I leaned over and spoke to his fist from an inch away, glancing up to make eye contact with a non-existent camera. "I take 'em one at a time, Mike."

"How does the thrill of hitting Thurston Fine in the eye with the sticky-note version of a spitball," he intoned in a plummy voice unlike his natural on-air delivery, "measure against years of spitting in the eyes of scumdom's major-leaguers?"

"I'll tell you, Mike-and I wouldn't lie to you-Thurston Fine ranks right up there."

"That sure as hell is true," Mike Paycik grumbled, dropping his assumed voice.

He nursed a grudge, because our anchor had decreed that coverage-done by guess-who-of stock contractor Keith Landry's death would be allotted all of the five o'clock evening news as well as the entire 10 p.m. newscast. Except weather. He'd left the weatherman a few seconds to report that the sky had not fallen. That's right. No national news, no international news, no features, no sports, and certainly no consumer news, which meant my scheduled contribution was staying in the can.

"Editorial comment creeping into your reporting, Paycik," I said.

"Your comments haven't been exactly unbiased, either.
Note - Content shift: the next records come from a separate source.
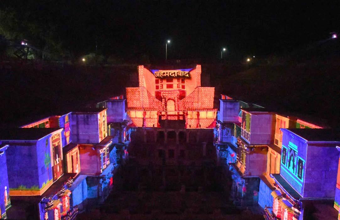 Supported by Design Factory India as consultant, Aura Bright Light supplying and installing the projectors, and Knownsense Studios leading content creation, the installation maps 22,000 pixels across the stepwell, the canvas among the largest ever used for an Indian heritage site. Multidisciplinary teams of artists, animators, and heritage researchers developed visuals inspired by Patan Patola textiles, ancient water architecture, and spiritual symbolism, blending ultra-high-resolution 3D animation with evocative soundscapes that merge traditional instruments with cinematic orchestration.
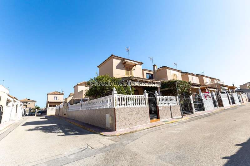 2. Casa/Chalet → Bungalow en Torrevieja zona Los Balcones - Los Altos del Edén, 66 m. de superficie, 24 m2 de terraza (SOLARIUM), 2 m. de la playa (KM), 3 habitaciones, 2 baños, propiedad en Buen estado, cocina equipada, orientación noreste, suelo de gres, carpinteria exterior de madera.
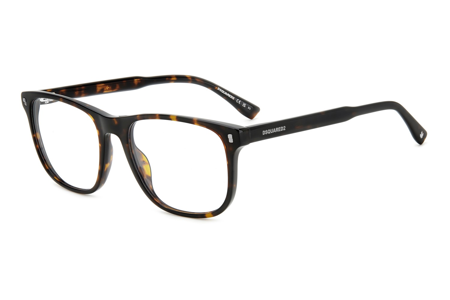 These semi-bold eyeglasses have been given a fresh twist thanks to the lighter proportions of the new acetate front. The metal core with the engraved DSQUARED2 'tape' can be seen through the original temples. The brand has also signed these men's glasses with an injected logo on the outer temple near the hinges, and with the must-have maple leaf on the comfortable end tips: distinctive features that convey truly unique design.

Especially not when Fine passed down his edict. God, who'd ever think I'd miss Haeburn."

Les Haeburn, who passed for a news director at KWMT, had gone on vacation earlier this week and left Fine in charge. It wasn't clear if Haeburn hadn't said when he was returning, or if no one had been interested enough to ask.

"That's where I benefit from having an older and wiser head, experiencing many years in this business while you were still in leading strings-"

"In what? Is that a synonym for playing pro football?"